Villa Borghese "outside Porta Pinciana", within which the gallery is located, rose at the beginning of the 17th century on a family property, to which other plots of land were gradually added, until an immense park was constituted. The rapid ascent in Rome of the Borghese family, which was originally from Siena, culminated in the election as pope of Camillo (1605-1621), who took the name of Paul V and began the great era of urban works and extraordinary feats of art collecting.

With the ascension to the papal throne of Paul V Borghese, his nephew, Cardinal Scipione Cafarelli Borghese (1577-1633), began to intensely commission architecture and at the same time to acquire works of art that would make his collection one of the largest of his time.

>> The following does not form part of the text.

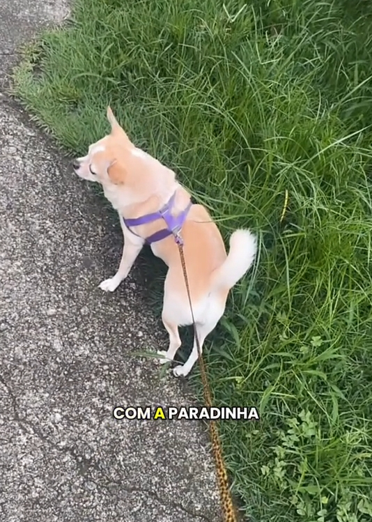 Apesar do jeito desajeitado, a cachorrinha leva a vida normalmente — e parece não se importar nem um pouco com os comentários do tutor.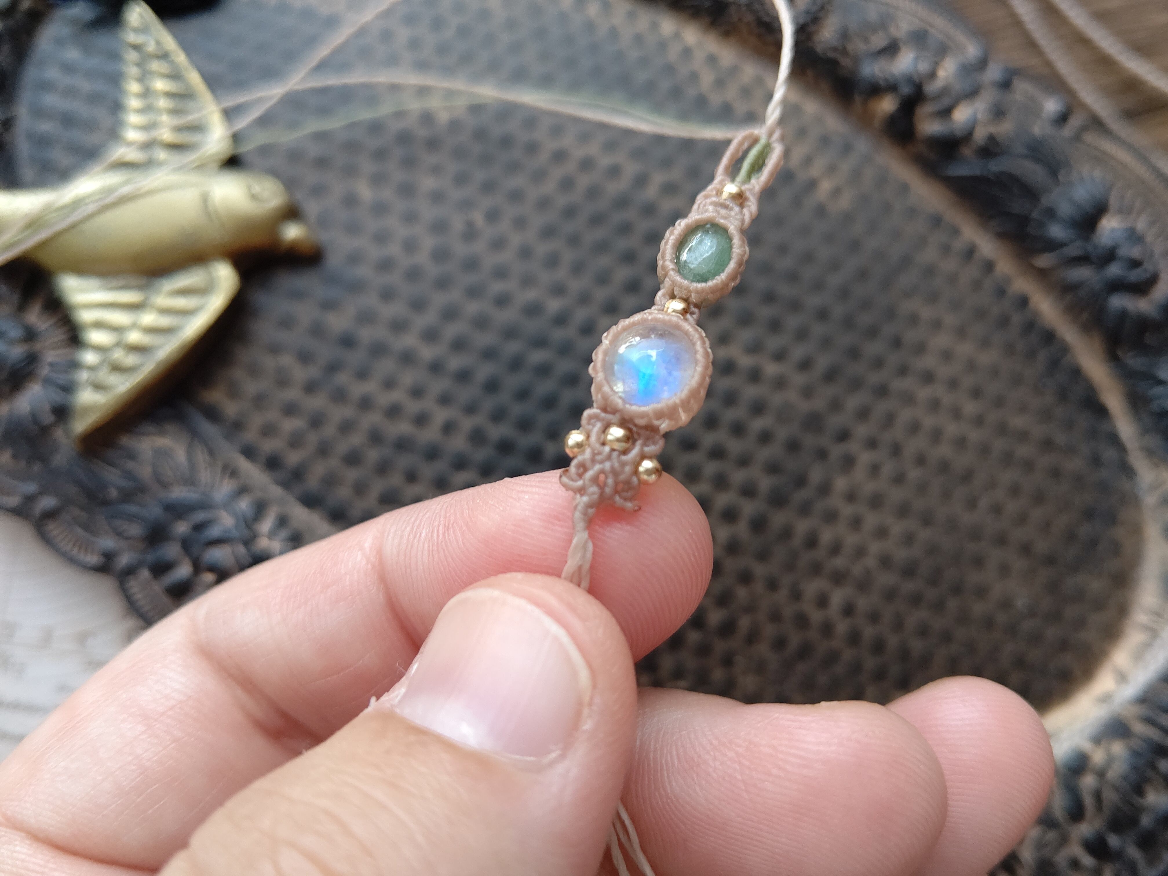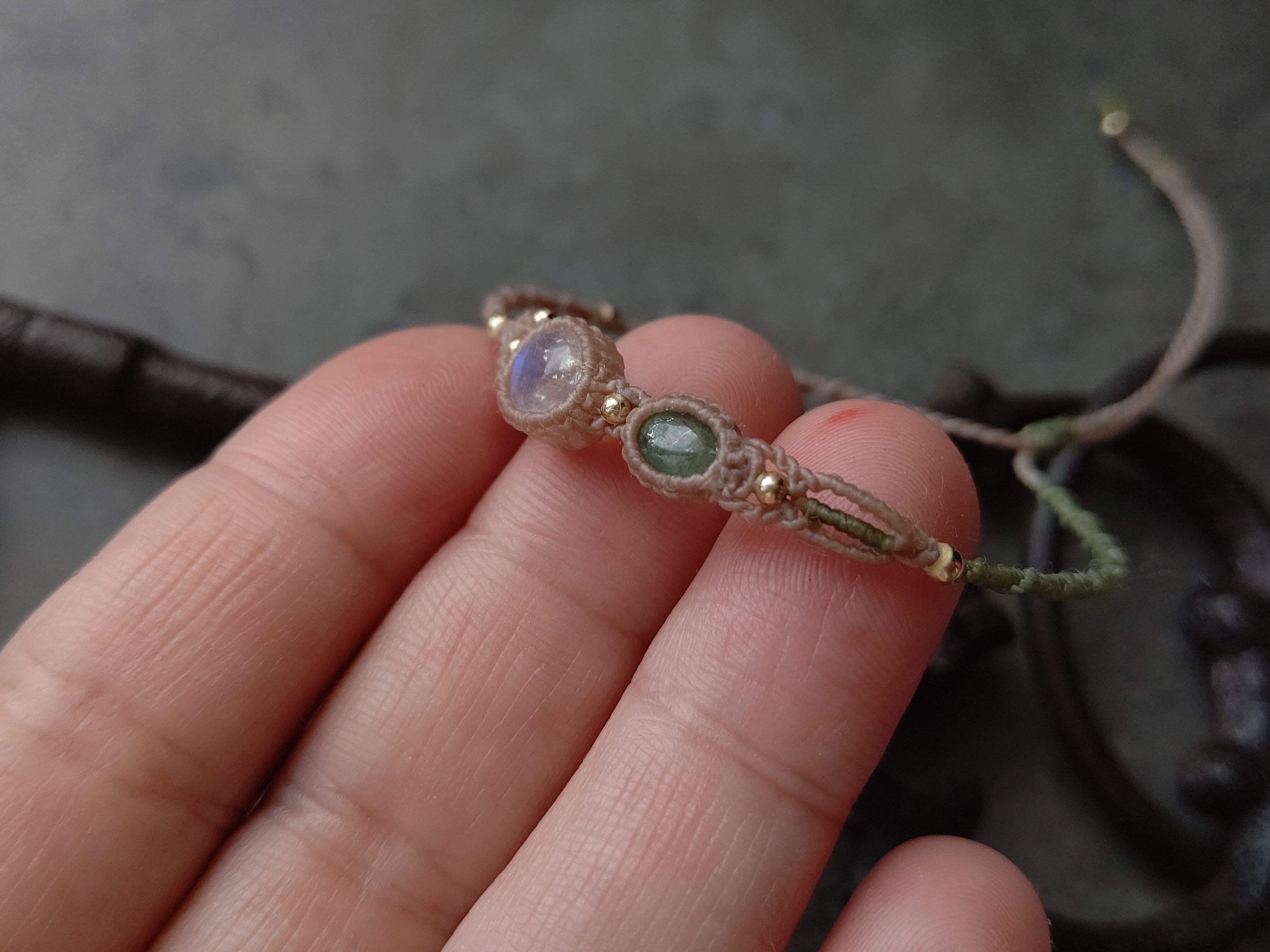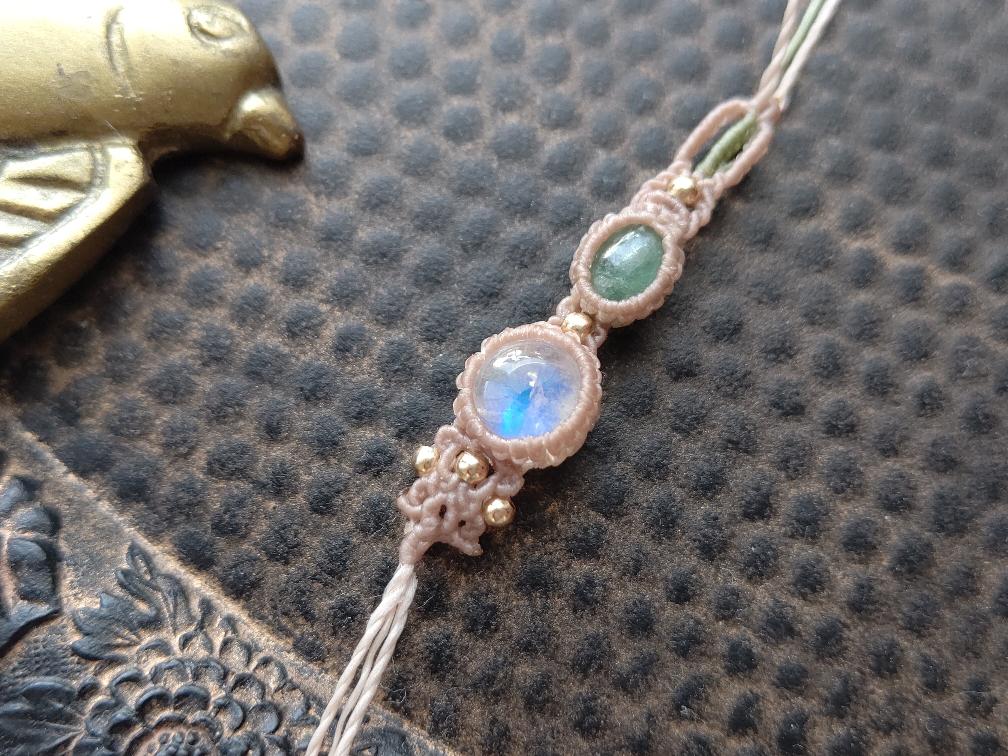 ふんわりと淡いエメラルドグリーンのエメラルドとシラーの美しいレインボームーンストーン(ホワイトラブラドライト)の組み合わせは上品で優しい印象です。アシンメトリーデザインで編み込み、差し色には落ち着いたモスグリーンの糸を合わせました。

By confiscating the paintings in Cavalier d'Arpino's studio in 1607 he gained possession of about 100 works, including several youthful ones by Caravaggio. In the same year he acquired the patriarch of Aquileia's collection, while in 1608 he obtained 71 extraordinary paintings belonging to Cardinal Sfondrato. Cardinal Scipione Borghese's extreme unscrupulousness in obtaining works of art and in indulging his passion as a modern collector is shown in numerous episodes, such as his acquisition in 1605 of Caravaggio's Madonna and Child with St. Anne which had been rejected by the Confraternity shortly before it was to be displayed in the chapel in St. Peter's - perhaps as ordered by the pope himself and the incredible theft of Raphael's Deposition, which was removed on behalf of Scipione from the Convent of San Francesco a Prato in Perugia, lowered from the town walls during the night between March 18 and 19, 1608 and subsequently declared "the cardinal's private property" by Paul V.

The collection of ancient sculptures, the other fundamental element able to confer an aura of ideal universality on collections of art had been constantly expanding and the splendor of these archaeological marbles was complemented by the "modern" statuary of Gian Lorenzo Bernini, executed for the cardinal from 1615-1623.

In accordance with the cardinal's will, at his death all his movable property and real estate were subjected to a very stringent fideicommissum, a legal institution that kept the collection together until the end of the 18th century. At the end of the 17th century, the Borghese family could count on a collection of about 800 paintings and one of the most famous collections of antiquities in Rome, in addition to vast holdings of real estate. It was precisely the archaeological collection that aroused the interest of Napoleon Bonaparte whose sister Pauline (1780-1825) had married Prince Camillo Borghese (1775-1832). Following their sale, which was forcibly imposed by the emperor in 1807/8 the sculptures were removed from their original setting and transported to the Louvre where they now constitute one of the essential components of the archaeological collection.

In the following years, through replacements made by recovering statues and new excavations, the Villa on the Pincio acquired the appearance that we can admire today. We owe to Camillo two of the Villa's most famous masterpieces: the sculpture of Paolina Bonaparte as Venus Victrix by Antonio Canova and Correggio's Danae, which he purchased in 1827. In 1833 the prince renewed the fideicommissum, thus preserving the collection in its entirety until the Italian government acquired the Museum and the Gallery in 1902.